也就是说,光线跟踪在某种意义上是数据并行广泛分散的控制流甚至适度复杂的场景。即使你设法将一堆紧密排列的光线映射到同一个SM上,你在初始反射中所拥有的数据和指令区域将不会保持很长时间。例如,想象所有32个高相干光线从球体弹出。在这种反弹之后,它们都将在相当不同的方向上行进,并且可能击中由不同材料制成的物体,具有不同的照明条件等。每个材料和一组照明,遮挡等条件具有与其相关联的其自己的指令流(以计算折射,反射,吸收等),因此,即使相当大的部分运行相同的指令流也变得相当困难的线程。这个问题,使用光线跟踪代码中的当前技术水平,将GPU利用率降低了16-32倍,这可能使得性能对于您的应用来说是不可接受的,尤其是如果它是实时的(例如游戏)。它仍然可能优于例如CPU的CPU。一个渲染农场。
That said, ray-tracing, while data-parallel in some sense, has widely-diverging control flow for even modestly-complex scenes. Even if you manage to map a bunch of tightly-spaced rays that you cast out right next to each other onto the same SM, the data and instruction locality you have for the initial bounce won't hold for very long. For instance, imagine all 32 highly-coherent rays bouncing off a sphere. They will all go in fairly different directions after this bounce, and will probably hit objects made out of different materials, with different lighting conditions, and so forth.

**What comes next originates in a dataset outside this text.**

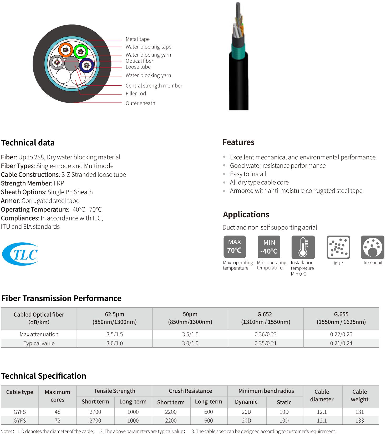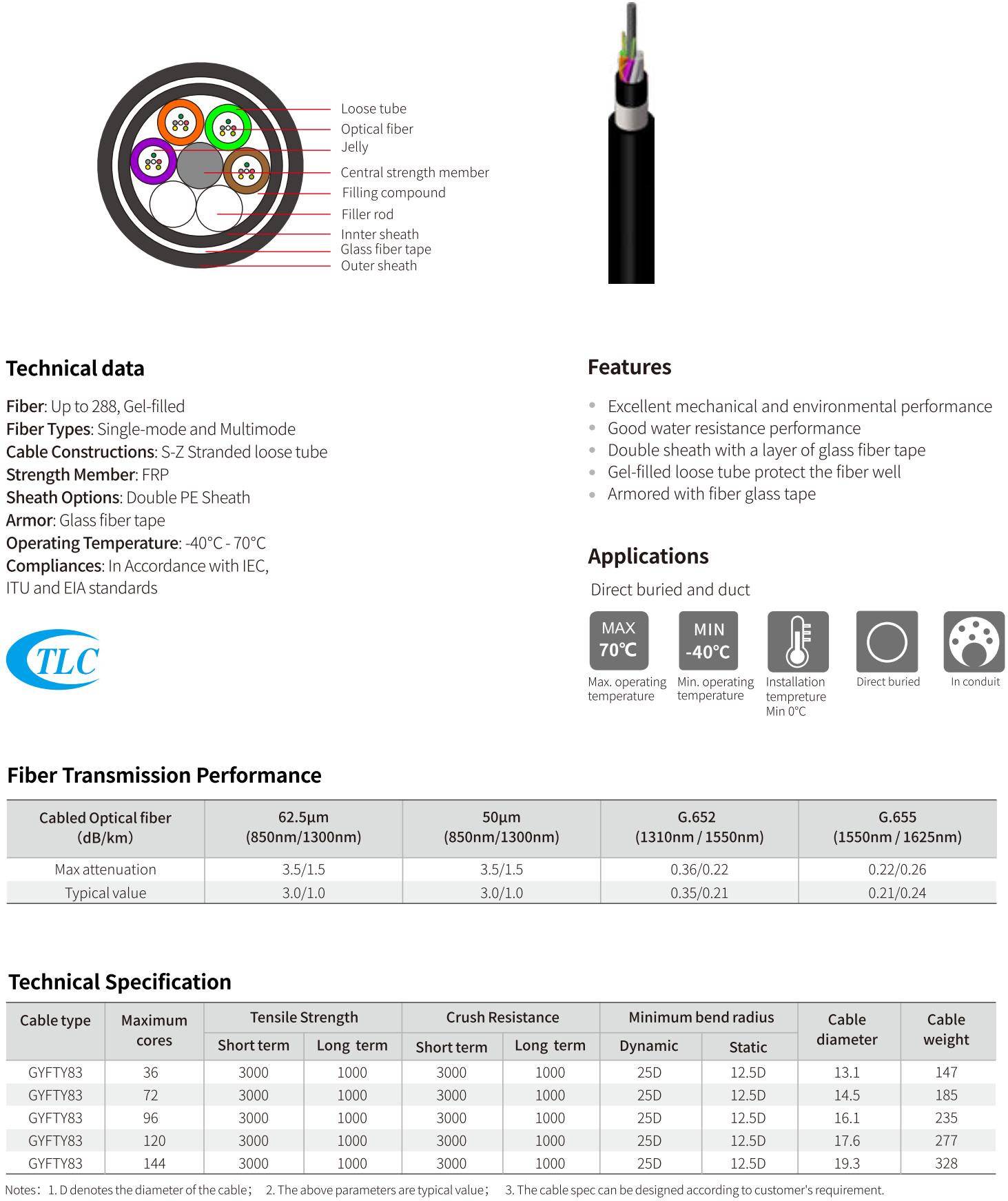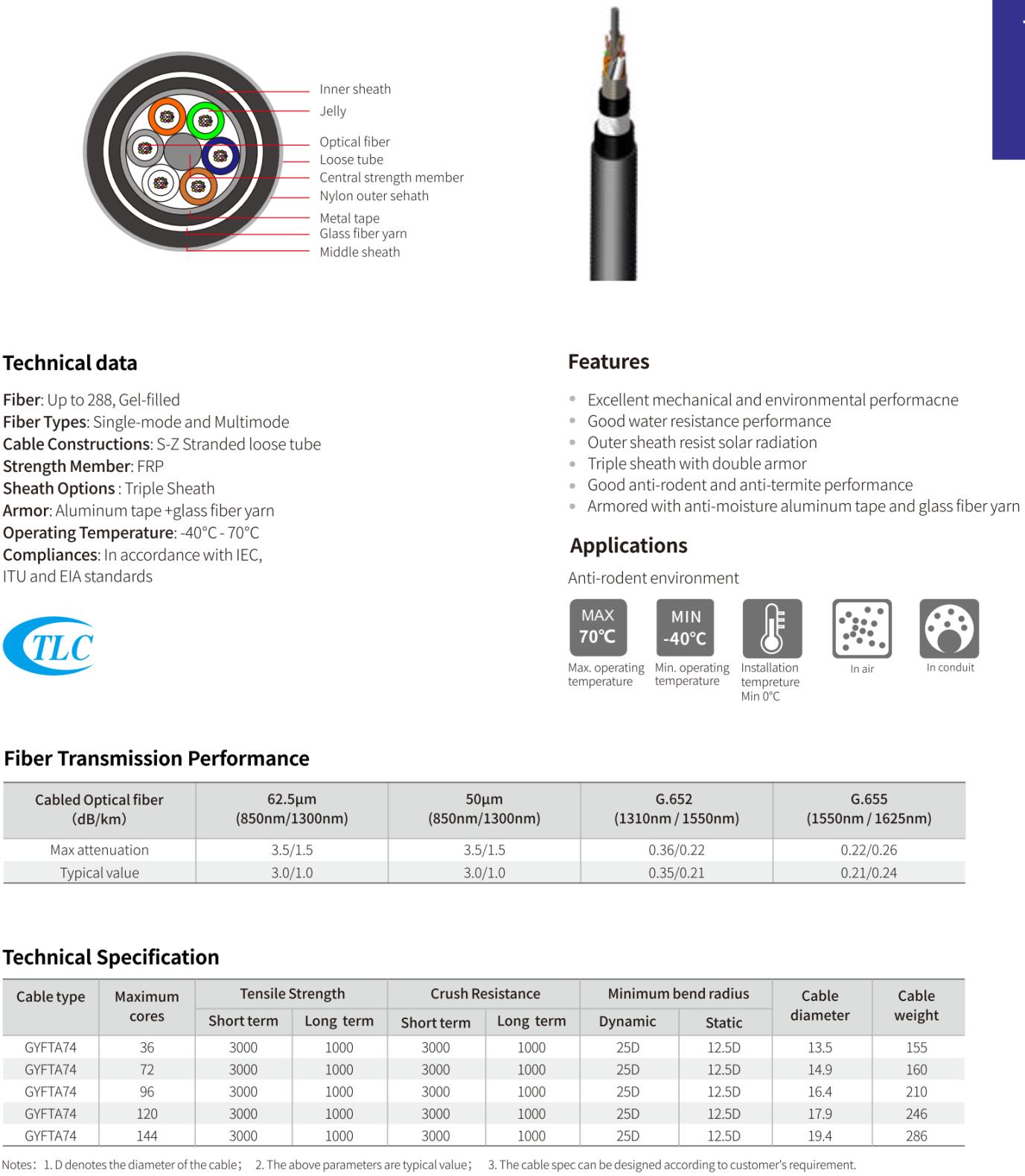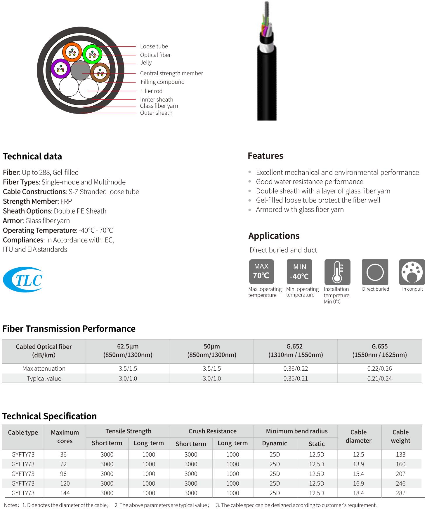 For direct burial applications, our GYTY53, GYTA53, GYFTY53, and GYFTA53 cables provide durable and reliable connections, with the ability to withstand challenging burial environments.

Every material and set of lighting, occlusion, etc. conditions has its own instruction stream associated with it (to compute refraction, reflection, absorption, etc.), and so it becomes quite difficult to run the same instruction stream on even a significant fraction of the threads in an SM. This problem, with the current state of the art in ray-tracing code, reduces your GPU utilization by a factor of 16-32, which may make performance unacceptable for your application, especially if it's real-time (e.g. a game). It still might be superior to a CPU for e.g. a render farm.

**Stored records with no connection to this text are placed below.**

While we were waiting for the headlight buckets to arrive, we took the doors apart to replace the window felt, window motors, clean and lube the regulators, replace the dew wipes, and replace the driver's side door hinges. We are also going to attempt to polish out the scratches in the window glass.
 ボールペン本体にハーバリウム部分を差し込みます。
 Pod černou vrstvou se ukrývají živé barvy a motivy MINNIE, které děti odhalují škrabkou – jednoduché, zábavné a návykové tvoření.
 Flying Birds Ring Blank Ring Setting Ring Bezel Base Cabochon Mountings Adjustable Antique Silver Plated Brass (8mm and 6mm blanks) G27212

现在有一个新兴的MIMD或SPMD加速器类在研究社区。我会将这些作为软件的实时光线跟踪的逻辑平台。
There is an emerging class of MIMD or SPMD accelerators being looked at now in the research community. I would look at these as logical platforms for software, real-time raytracing.
如果你对所涉及的算法感兴趣,并将它们映射到代码,请查看POVRay。还要研究光子映射,这是一个有趣的技术,甚至更接近代表物理现实比光线追踪一步。
If you're interested in the algorithms involved and mapping them to code, check out POVRay. Also look into photon mapping, it's an interesting technique that even goes one step closer to representing physical reality than raytracing.
这篇关于光线跟踪与CUDA的文章就介绍到这了,希望我们推荐的答案对大家有所帮助,也希望大家多多支持!